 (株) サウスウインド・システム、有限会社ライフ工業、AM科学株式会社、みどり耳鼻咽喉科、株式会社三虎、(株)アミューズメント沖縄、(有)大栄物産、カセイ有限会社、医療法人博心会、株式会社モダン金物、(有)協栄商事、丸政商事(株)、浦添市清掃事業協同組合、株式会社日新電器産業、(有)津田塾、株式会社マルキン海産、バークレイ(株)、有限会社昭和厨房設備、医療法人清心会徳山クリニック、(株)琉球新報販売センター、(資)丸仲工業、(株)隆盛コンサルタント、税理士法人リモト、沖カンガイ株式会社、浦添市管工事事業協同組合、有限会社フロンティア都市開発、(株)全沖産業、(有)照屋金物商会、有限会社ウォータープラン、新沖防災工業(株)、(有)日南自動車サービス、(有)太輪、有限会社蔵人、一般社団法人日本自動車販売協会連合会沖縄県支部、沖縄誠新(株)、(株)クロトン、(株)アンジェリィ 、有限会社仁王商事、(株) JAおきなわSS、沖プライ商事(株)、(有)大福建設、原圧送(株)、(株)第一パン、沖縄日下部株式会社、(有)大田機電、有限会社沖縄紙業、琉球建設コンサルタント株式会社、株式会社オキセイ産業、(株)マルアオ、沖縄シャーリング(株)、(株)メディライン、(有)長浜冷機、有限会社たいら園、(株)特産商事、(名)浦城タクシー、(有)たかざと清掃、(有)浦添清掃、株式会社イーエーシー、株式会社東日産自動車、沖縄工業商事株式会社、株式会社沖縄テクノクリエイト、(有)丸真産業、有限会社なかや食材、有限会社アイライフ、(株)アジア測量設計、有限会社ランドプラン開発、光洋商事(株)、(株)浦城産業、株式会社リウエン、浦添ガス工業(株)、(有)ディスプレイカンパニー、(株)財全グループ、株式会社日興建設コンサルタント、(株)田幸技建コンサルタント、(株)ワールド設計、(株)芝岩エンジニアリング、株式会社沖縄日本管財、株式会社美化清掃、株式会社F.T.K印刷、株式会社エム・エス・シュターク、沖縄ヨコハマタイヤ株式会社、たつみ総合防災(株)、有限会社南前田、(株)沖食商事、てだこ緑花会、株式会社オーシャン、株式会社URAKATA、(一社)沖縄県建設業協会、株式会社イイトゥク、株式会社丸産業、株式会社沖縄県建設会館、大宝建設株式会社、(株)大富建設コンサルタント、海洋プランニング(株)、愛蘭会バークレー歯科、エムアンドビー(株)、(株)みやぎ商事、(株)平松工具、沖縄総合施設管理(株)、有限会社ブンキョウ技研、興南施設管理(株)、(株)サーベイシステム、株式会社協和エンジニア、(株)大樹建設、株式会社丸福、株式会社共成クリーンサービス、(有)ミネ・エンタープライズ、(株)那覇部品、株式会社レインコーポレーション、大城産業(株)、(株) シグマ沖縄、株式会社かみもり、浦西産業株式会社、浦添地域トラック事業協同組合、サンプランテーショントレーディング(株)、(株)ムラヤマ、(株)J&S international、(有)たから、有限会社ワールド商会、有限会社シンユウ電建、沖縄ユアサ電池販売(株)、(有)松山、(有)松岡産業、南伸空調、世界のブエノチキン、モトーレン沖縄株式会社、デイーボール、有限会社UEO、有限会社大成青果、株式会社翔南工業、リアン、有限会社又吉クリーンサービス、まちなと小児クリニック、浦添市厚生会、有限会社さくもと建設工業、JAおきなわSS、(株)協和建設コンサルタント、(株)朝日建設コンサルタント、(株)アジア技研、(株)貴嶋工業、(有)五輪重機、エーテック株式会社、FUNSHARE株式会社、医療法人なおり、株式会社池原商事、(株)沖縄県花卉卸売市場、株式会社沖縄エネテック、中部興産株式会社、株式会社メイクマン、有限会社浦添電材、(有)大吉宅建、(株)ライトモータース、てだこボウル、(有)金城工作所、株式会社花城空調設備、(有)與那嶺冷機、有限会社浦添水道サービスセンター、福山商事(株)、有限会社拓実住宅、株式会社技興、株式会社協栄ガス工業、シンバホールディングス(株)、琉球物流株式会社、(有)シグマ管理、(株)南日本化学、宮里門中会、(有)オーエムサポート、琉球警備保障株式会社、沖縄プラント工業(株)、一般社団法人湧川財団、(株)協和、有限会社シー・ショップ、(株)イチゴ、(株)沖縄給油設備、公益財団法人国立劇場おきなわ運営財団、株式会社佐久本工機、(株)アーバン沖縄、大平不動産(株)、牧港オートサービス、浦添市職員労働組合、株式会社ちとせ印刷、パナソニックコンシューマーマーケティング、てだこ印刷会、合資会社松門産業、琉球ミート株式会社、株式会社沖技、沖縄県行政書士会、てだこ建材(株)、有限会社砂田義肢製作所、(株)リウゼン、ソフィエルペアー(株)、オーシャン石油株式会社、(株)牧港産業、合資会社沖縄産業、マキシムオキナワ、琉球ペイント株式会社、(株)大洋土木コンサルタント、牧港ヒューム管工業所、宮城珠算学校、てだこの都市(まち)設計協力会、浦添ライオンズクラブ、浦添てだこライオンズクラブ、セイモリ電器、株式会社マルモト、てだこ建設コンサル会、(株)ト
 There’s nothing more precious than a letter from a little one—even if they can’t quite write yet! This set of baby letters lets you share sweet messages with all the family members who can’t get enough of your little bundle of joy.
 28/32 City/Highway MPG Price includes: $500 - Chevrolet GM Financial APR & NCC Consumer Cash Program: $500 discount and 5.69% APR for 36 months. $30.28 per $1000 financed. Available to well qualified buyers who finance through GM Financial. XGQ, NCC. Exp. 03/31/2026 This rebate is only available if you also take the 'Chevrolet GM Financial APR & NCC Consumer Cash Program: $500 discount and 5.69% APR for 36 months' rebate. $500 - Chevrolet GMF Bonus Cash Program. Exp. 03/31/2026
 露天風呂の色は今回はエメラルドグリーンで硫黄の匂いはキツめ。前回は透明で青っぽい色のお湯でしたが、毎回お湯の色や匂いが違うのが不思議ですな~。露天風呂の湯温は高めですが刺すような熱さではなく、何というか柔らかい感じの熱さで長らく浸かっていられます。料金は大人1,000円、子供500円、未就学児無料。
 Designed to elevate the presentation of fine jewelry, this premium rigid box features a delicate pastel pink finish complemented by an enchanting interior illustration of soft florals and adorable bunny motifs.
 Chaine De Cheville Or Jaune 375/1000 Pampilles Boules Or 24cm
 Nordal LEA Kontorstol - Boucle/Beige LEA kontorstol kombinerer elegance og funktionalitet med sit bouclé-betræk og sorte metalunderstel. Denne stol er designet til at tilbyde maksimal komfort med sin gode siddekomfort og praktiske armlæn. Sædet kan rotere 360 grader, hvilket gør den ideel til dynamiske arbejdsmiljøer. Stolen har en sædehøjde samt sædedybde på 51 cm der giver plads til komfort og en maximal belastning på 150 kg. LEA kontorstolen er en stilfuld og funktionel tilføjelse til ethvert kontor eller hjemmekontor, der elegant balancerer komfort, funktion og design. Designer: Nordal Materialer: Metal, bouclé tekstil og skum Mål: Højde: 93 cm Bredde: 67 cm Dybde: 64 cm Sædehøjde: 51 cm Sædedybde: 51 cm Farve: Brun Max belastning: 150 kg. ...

* * *

* Task item *
Faithfully reproduce all of the records, character for character.

* Solution for this task *
 (株) サウスウインド・システム、有限会社ライフ工業、AM科学株式会社、みどり耳鼻咽喉科、株式会社三虎、(株)アミューズメント沖縄、(有)大栄物産、カセイ有限会社、医療法人博心会、株式会社モダン金物、(有)協栄商事、丸政商事(株)、浦添市清掃事業協同組合、株式会社日新電器産業、(有)津田塾、株式会社マルキン海産、バークレイ(株)、有限会社昭和厨房設備、医療法人清心会徳山クリニック、(株)琉球新報販売センター、(資)丸仲工業、(株)隆盛コンサルタント、税理士法人リモト、沖カンガイ株式会社、浦添市管工事事業協同組合、有限会社フロンティア都市開発、(株)全沖産業、(有)照屋金物商会、有限会社ウォータープラン、新沖防災工業(株)、(有)日南自動車サービス、(有)太輪、有限会社蔵人、一般社団法人日本自動車販売協会連合会沖縄県支部、沖縄誠新(株)、(株)クロトン、(株)アンジェリィ 、有限会社仁王商事、(株) JAおきなわSS、沖プライ商事(株)、(有)大福建設、原圧送(株)、(株)第一パン、沖縄日下部株式会社、(有)大田機電、有限会社沖縄紙業、琉球建設コンサルタント株式会社、株式会社オキセイ産業、(株)マルアオ、沖縄シャーリング(株)、(株)メディライン、(有)長浜冷機、有限会社たいら園、(株)特産商事、(名)浦城タクシー、(有)たかざと清掃、(有)浦添清掃、株式会社イーエーシー、株式会社東日産自動車、沖縄工業商事株式会社、株式会社沖縄テクノクリエイト、(有)丸真産業、有限会社なかや食材、有限会社アイライフ、(株)アジア測量設計、有限会社ランドプラン開発、光洋商事(株)、(株)浦城産業、株式会社リウエン、浦添ガス工業(株)、(有)ディスプレイカンパニー、(株)財全グループ、株式会社日興建設コンサルタント、(株)田幸技建コンサルタント、(株)ワールド設計、(株)芝岩エンジニアリング、株式会社沖縄日本管財、株式会社美化清掃、株式会社F.T.K印刷、株式会社エム・エス・シュターク、沖縄ヨコハマタイヤ株式会社、たつみ総合防災(株)、有限会社南前田、(株)沖食商事、てだこ緑花会、株式会社オーシャン、株式会社URAKATA、(一社)沖縄県建設業協会、株式会社イイトゥク、株式会社丸産業、株式会社沖縄県建設会館、大宝建設株式会社、(株)大富建設コンサルタント、海洋プランニング(株)、愛蘭会バークレー歯科、エムアンドビー(株)、(株)みやぎ商事、(株)平松工具、沖縄総合施設管理(株)、有限会社ブンキョウ技研、興南施設管理(株)、(株)サーベイシステム、株式会社協和エンジニア、(株)大樹建設、株式会社丸福、株式会社共成クリーンサービス、(有)ミネ・エンタープライズ、(株)那覇部品、株式会社レインコーポレーション、大城産業(株)、(株) シグマ沖縄、株式会社かみもり、浦西産業株式会社、浦添地域トラック事業協同組合、サンプランテーショントレーディング(株)、(株)ムラヤマ、(株)J&S international、(有)たから、有限会社ワールド商会、有限会社シンユウ電建、沖縄ユアサ電池販売(株)、(有)松山、(有)松岡産業、南伸空調、世界のブエノチキン、モトーレン沖縄株式会社、デイーボール、有限会社UEO、有限会社大成青果、株式会社翔南工業、リアン、有限会社又吉クリーンサービス、まちなと小児クリニック、浦添市厚生会、有限会社さくもと建設工業、JAおきなわSS、(株)協和建設コンサルタント、(株)朝日建設コンサルタント、(株)アジア技研、(株)貴嶋工業、(有)五輪重機、エーテック株式会社、FUNSHARE株式会社、医療法人なおり、株式会社池原商事、(株)沖縄県花卉卸売市場、株式会社沖縄エネテック、中部興産株式会社、株式会社メイクマン、有限会社浦添電材、(有)大吉宅建、(株)ライトモータース、てだこボウル、(有)金城工作所、株式会社花城空調設備、(有)與那嶺冷機、有限会社浦添水道サービスセンター、福山商事(株)、有限会社拓実住宅、株式会社技興、株式会社協栄ガス工業、シンバホールディングス(株)、琉球物流株式会社、(有)シグマ管理、(株)南日本化学、宮里門中会、(有)オーエムサポート、琉球警備保障株式会社、沖縄プラント工業(株)、一般社団法人湧川財団、(株)協和、有限会社シー・ショップ、(株)イチゴ、(株)沖縄給油設備、公益財団法人国立劇場おきなわ運営財団、株式会社佐久本工機、(株)アーバン沖縄、大平不動産(株)、牧港オートサービス、浦添市職員労働組合、株式会社ちとせ印刷、パナソニックコンシューマーマーケティング、てだこ印刷会、合資会社松門産業、琉球ミート株式会社、株式会社沖技、沖縄県行政書士会、てだこ建材(株)、有限会社砂田義肢製作所、(株)リウゼン、ソフィエルペアー(株)、オーシャン石油株式会社、(株)牧港産業、合資会社沖縄産業、マキシムオキナワ、琉球ペイント株式会社、(株)大洋土木コンサルタント、牧港ヒューム管工業所、宮城珠算学校、てだこの都市(まち)設計協力会、浦添ライオンズクラブ、浦添てだこライオンズクラブ、セイモリ電器、株式会社マルモト、てだこ建設コンサル会、(株)ト
 There’s nothing more precious than a letter from a little one—even if they can’t quite write yet! This set of baby letters lets you share sweet messages with all the family members who can’t get enough of your little bundle of joy.
 28/32 City/Highway MPG Price includes: $500 - Chevrolet GM Financial APR & NCC Consumer Cash Program: $500 discount and 5.69% APR for 36 months. $30.28 per $1000 financed. Available to well qualified buyers who finance through GM Financial. XGQ, NCC. Exp. 03/31/2026 This rebate is only available if you also take the 'Chevrolet GM Financial APR & NCC Consumer Cash Program: $500 discount and 5.69% APR for 36 months' rebate. $500 - Chevrolet GMF Bonus Cash Program. Exp. 03/31/2026
 露天風呂の色は今回はエメラルドグリーンで硫黄の匂いはキツめ。前回は透明で青っぽい色のお湯でしたが、毎回お湯の色や匂いが違うのが不思議ですな~。露天風呂の湯温は高めですが刺すような熱さではなく、何というか柔らかい感じの熱さで長らく浸かっていられます。料金は大人1,000円、子供500円、未就学児無料。
 Designed to elevate the presentation of fine jewelry, this premium rigid box features a delicate pastel pink finish complemented by an enchanting interior illustration of soft florals and adorable bunny motifs.
 Chaine De Cheville Or Jaune 375/1000 Pampilles Boules Or 24cm
 Nordal LEA Kontorstol - Boucle/Beige LEA kontorstol kombinerer elegance og funktionalitet med sit bouclé-betræk og sorte metalunderstel. Denne stol er designet til at tilbyde maksimal komfort med sin gode siddekomfort og praktiske armlæn. Sædet kan rotere 360 grader, hvilket gør den ideel til dynamiske arbejdsmiljøer. Stolen har en sædehøjde samt sædedybde på 51 cm der giver plads til komfort og en maximal belastning på 150 kg. LEA kontorstolen er en stilfuld og funktionel tilføjelse til ethvert kontor eller hjemmekontor, der elegant balancerer komfort, funktion og design. Designer: Nordal Materialer: Metal, bouclé tekstil og skum Mål: Højde: 93 cm Bredde: 67 cm Dybde: 64 cm Sædehøjde: 51 cm Sædedybde: 51 cm Farve: Brun Max belastning: 150 kg. ...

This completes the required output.